Holiday Storms

I drove out to my parents’ place this week for Christmas, five hours from home with all the usual holiday logistics spinning in my head. Coordinating schedules, making sure everyone could be in the same place at the same time, the weight of trying to make it all work. It’s exhausting before you even arrive.
Christmas Eve, I tried to let that go. Just be there. Sit with my family, be present instead of managing everything. It’s harder than it sounds, but I needed it.
Christmas Day I drove to drop off Luka and Teo. That particular drive, that handoff: it never gets easier. You do it because you have to, but it definitely sits heavy.
Then a storm hit. What was supposed to be a few inches turned into nearly a foot of snow, and suddenly my dad and I were out stacking firewood he’d been meaning to get to. Thirty-plus years he’s been heating that house with wood. Thirty-plus years of this same rhythm: split it, store it, stack it, burn it.

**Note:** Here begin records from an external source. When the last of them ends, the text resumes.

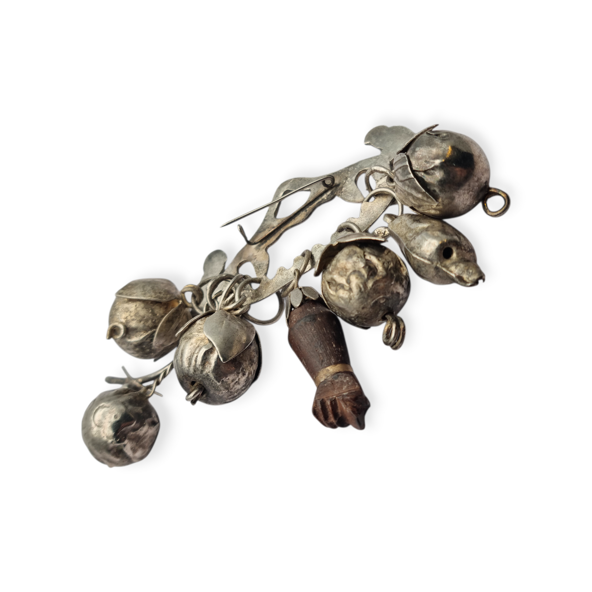Penca Brasileña de Balangandán Ragastens en plata 900, broche amuleto 1950.
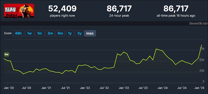 Rekord aktywności udało się ustanowić wczorajszego popołudnia. Wówczas w szczytowym momencie w RDR 2 grało jednocześnie 86 717 graczy na Steamie (via SteamDB). Tym samym udało się przebić wynik osiągnięty w listopadzie 2023 roku, kiedy to w grze bawiło się naraz około 77 tysięcy osób.
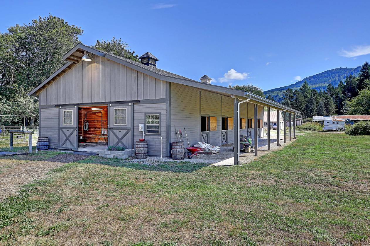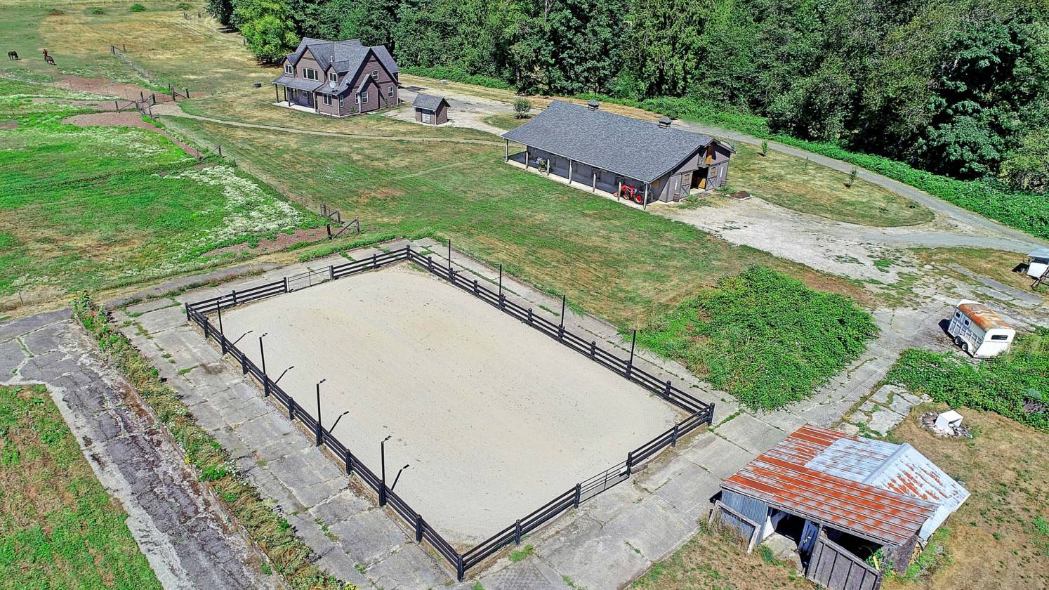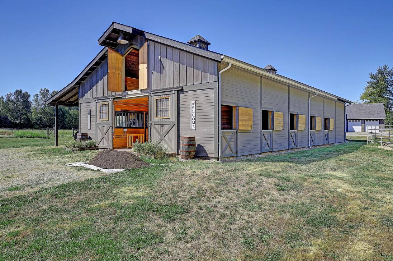 HORSE PROPERTY - Welcome to this beautiful 2,474 sq. ft. home, on 24.68 acres! Built in 2012, featuring 3 bedrooms, 2.5 baths, 22-foot ceilings, hardwood floors, maple kitchen cabinets, farm sink, quartz counter tops, stainless steel appliances, spacious mudroom + wired for a whole-house generator. GORGEOUS 10-stall custom barn w/ heated wash rack, tack room, and 500-bale hay loft. Additional amenities include a round pen area, 100x60 outdoor arena, outbuildings, lush fully fenced pastures, & two RV hookups. The facility can generate income from horse boarding and RV spots, making it both a dream lifestyle property and a smart investment. Enjoy nearby access to White Horse Centennial/Pilchuck Trail, and fishing at Stillaguamish River! Pre-approval required prior to showing - Thank you!

Winter after winter.
There’s something steadying about that kind of work. Physical, simple, necessary. After all the emotional logistics of the holiday, it was exactly what I needed. Just move wood; get it done. No complicated feelings, just the task in front of you.
I grabbed some footage while we worked, talked to my dad, and put together this short piece about it:
Sometimes the simplest things are what ground you when everything else feels like too much.